* _What to produce_
If pictures appear in the lines below, skip them and copy exactly the lines from the one containing "一条可爱的鱼画好了,您也画好了吗?您还可以给鱼涂上漂亮的颜色哦。" through the one containing "Протокол матча Джамшедпур против Бенгалуру", and nothing else.

* _Exercise data_
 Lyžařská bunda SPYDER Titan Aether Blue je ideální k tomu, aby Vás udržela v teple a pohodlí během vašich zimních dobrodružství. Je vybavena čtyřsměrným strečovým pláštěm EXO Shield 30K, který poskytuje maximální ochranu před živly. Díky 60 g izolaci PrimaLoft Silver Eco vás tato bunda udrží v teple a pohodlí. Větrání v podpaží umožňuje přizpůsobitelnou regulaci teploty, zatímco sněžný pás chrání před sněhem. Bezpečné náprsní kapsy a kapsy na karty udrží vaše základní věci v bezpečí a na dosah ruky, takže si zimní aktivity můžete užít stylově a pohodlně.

==

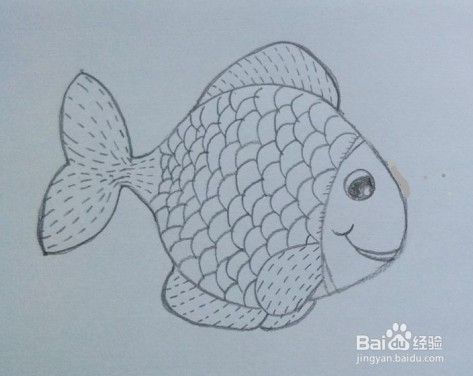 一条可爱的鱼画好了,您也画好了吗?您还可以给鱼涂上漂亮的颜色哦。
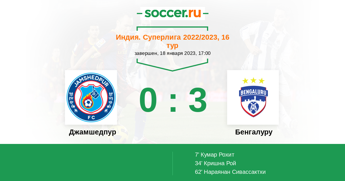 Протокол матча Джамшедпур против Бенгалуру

* _Problem solution_
 一条可爱的鱼画好了,您也画好了吗?您还可以给鱼涂上漂亮的颜色哦。
 Протокол матча Джамшедпур против Бенгалуру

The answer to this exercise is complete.